Nature and Design Logic
The real textbook of green architecture does not lie inside the walls of libraries, but outside those walls, in what surrounds all of us.
In these days of climate change, if we ask any young person how to face the crisis, they are bound to respond suggesting living with nature as an ultimate solution. Net zero buildings will only minimise energy usage, green architecture saves on few resources only, carbon footprint theory will help in consuming less and greenhouse gas emission data may help us change our technologies. Each one of them is only a partial solution, unlike the holistic theory of living with nature.
Given this position, can we re-learn from nature, the way our ancestors might have done many millenniums ago when they moved on to become settlers from being nomadic? Specific to buildings, can we analyse forms and formations by nature to list out the design criteria implicit in them?
Principles of the universe have been shaping everything in nature right from the beginning, so it should be possible to learn from the way nature designs. Possibly, the real textbook of green architecture does not lie inside the walls of libraries, but outside those walls, in what surrounds all of us.
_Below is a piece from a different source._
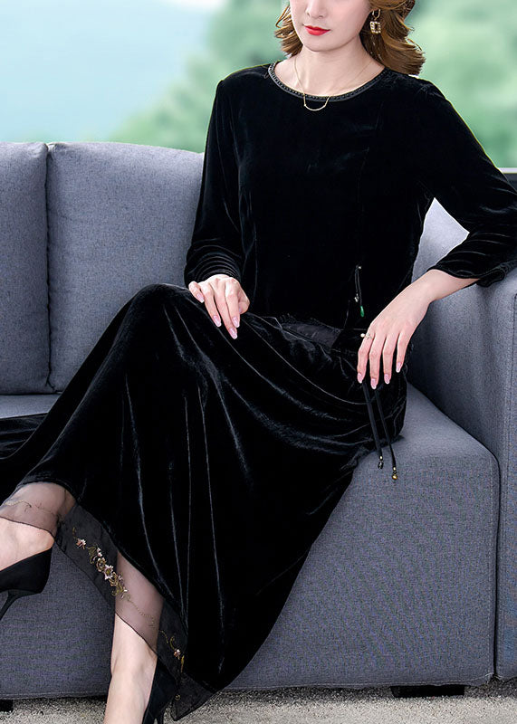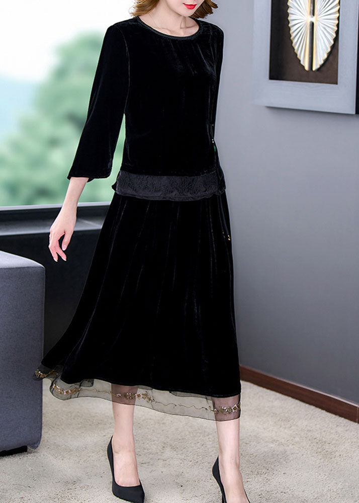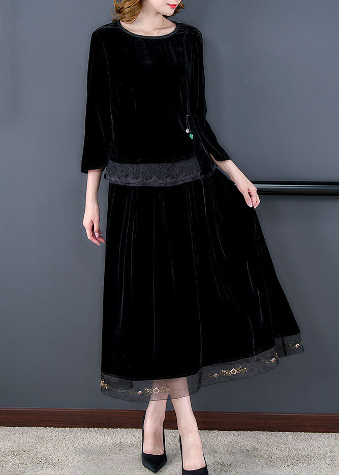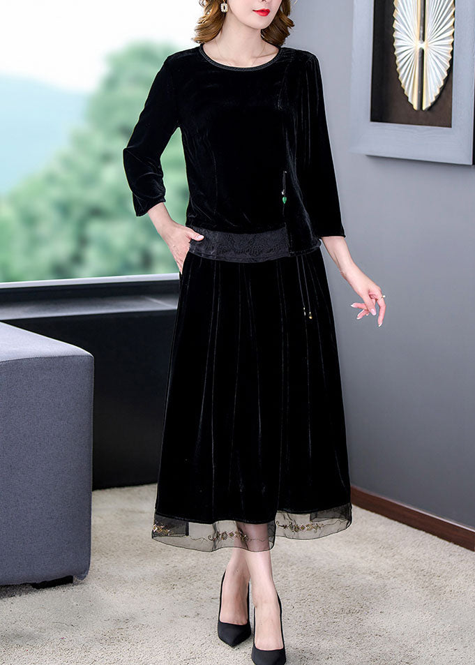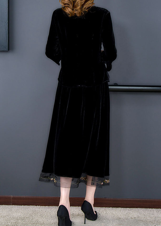 Art Black O-Neck Tulle Patchwork Silk Velour Top And Maxi Skirts Two Pieces Set Long Sleeve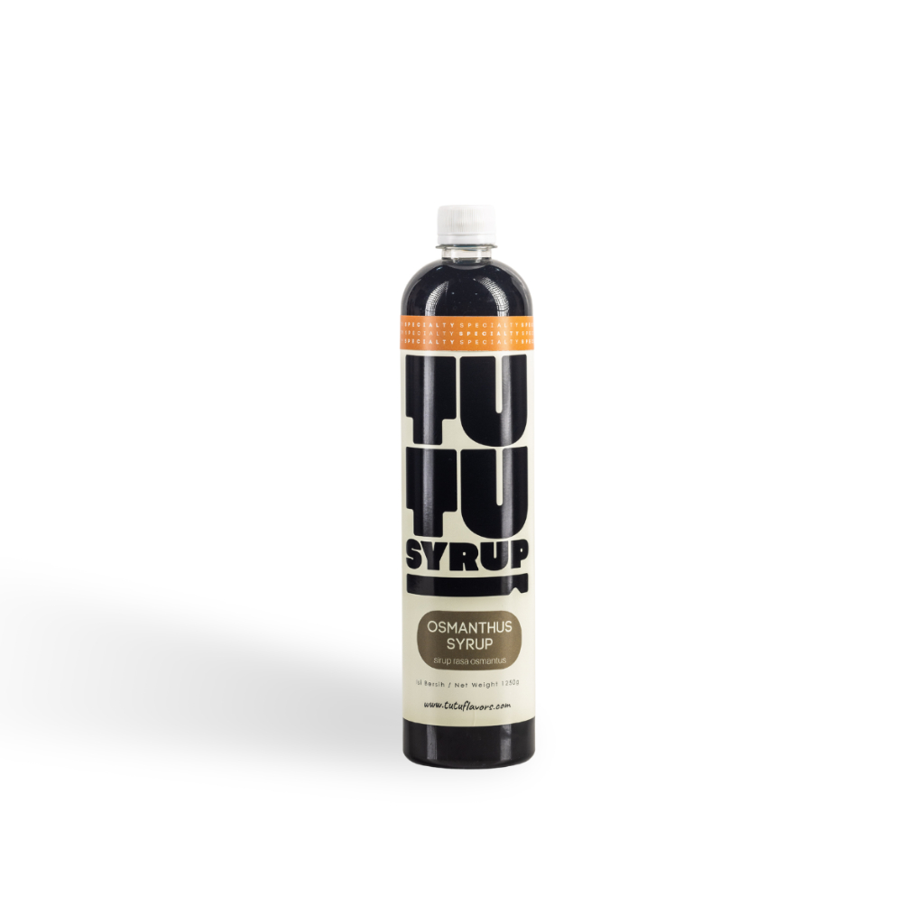 Sirup Tutu Osmanthus dengan karakter floral yang ringan dan wangi osmanthus yang elegan, cocok sebagai campuran minuman mixology yang segar dengan bahan teh, soda, jus buah, atau spirit.

Let us take coconut, as an illustration, trying to read into the design logic employed by nature. The thick external husk provides the cushioning needed when the nut falls from great heights, while the hard shell inside avoids any possible breakages. Outermost fibrous skin ensures the least damage to the husk itself, while the husk reduces dehydration of the soft kernel with water until it becomes a sapling.
Coconuts are round and oval in shape to let the nut roll over, which helps in minimising impact pressure and also the propagation of the seed across distances. Considering that coconut trees traditionally grew along riversides and seashores, before they were formally cultivated by people wherever possible, the nuts could also float along the water flow.
Coconut tree has less foliage compared to many other shorter trees, yet has to capture sun energy. As such, growing taller above other obstacles becomes mandatory. But then, the tree may fall against high winds commonly seen near water bodies, hence the highly fibrous swaying trunk and porous leaf. The height enables the nuts to fall farther away from the tree bottom, improving the possibility of propagation.
We can notice how a single design element caters to multiple needs like the husk ensuring safety, water retention, rolling on the ground and floating on water. The way nature can synthesise diverse criteria to evolve one singular and judicious species called coconut tree is simply amazing!
Can we compare architecture by nature with architecture by humans? Yes, it is possible to analyse how natural forms evolve with design logic, without even knowing of high theories like bio-mimicry. Students in schools of architecture at MES, Kuttipuram or KSSA, Bangalore have already proven it. It is time everyone involved in construction sector starts doing it.